Imagination and the Loss of the Wild

By Ellen Meloy
Pantheon (2005)

November slides toward December, tilting the balance of light further toward night. When I find a group of bighorns, I more often watch them in shadow than in sunlight. The canyon air turns frigid inside its chamber of stone. Cleared of much of its silt, the river flows verdigris against banks of salmon-colored sand, edged with the white lace of ice. 

~  From Eating Stone

 
 

About EATING STONE:

For four seasons, Ellen Meloy kept company with a group of desert bighorn sheep she called the Blue Door Band; EATING STONE: Imagination and the Loss of the Wild (Pantheon Books/September 13, 2005/$26) is a record of that year, written in Meloy's characteristically graceful and good-natured prose, as 'spirited and intelligent, as vivid and vibrant as the land itself is dry and spare' (Boston Globe).

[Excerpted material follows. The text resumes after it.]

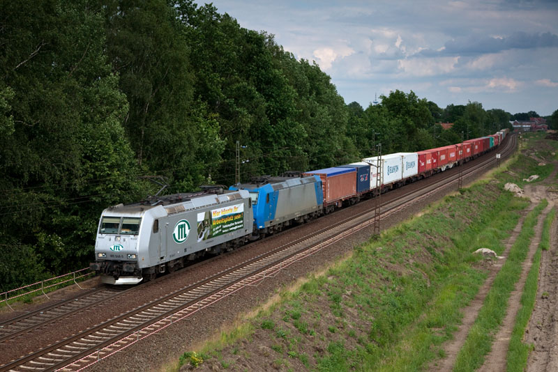 | Die 185 548-5 der ITL schleppte die 185 524-6 und einen Containerzug nach Hamburg. Grevelau, 10. Juni 2012 |
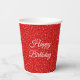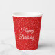Birthday festive confetti on red glitter Paper Cups. Text can be personalized.

Desert bighorn sheep are animals whose natural territory continues shrinking with the development of the West, who suffer from attacks by wild predators as well as from domestic sheep diseases, who often seemingly become extinct in one area, only to reappear years later. Tying together observation with scientific study, mediation with detailed description, Meloy brings to life the world of the bighorn sheep—the personalities of the rams and ewes, the sight of lambs jumping five feet straight up, the steepness of the canyon walls that the sheep run down with gravity-defying lightness. She helps transport part of the Blue Door Band to a separate canyon, so that if something happens in one place, the other sheep might still survive. She eats a ram that has been killed, and writes "the taste of meat lingers on my tongue. Rain and river. Bedrock to soil to plant to milk to bone, muscle, and sinew. I am eating my canyon. Eating stone."

With humor and compassion, Meloy reveals the essential relationship between animals and humans, the deep bond created by history and evolution—alongside her sadness that the world of the wild is fast ending. "Animals give us a voice," she writes, "They map a world we want to live in. Without them, we are homeless."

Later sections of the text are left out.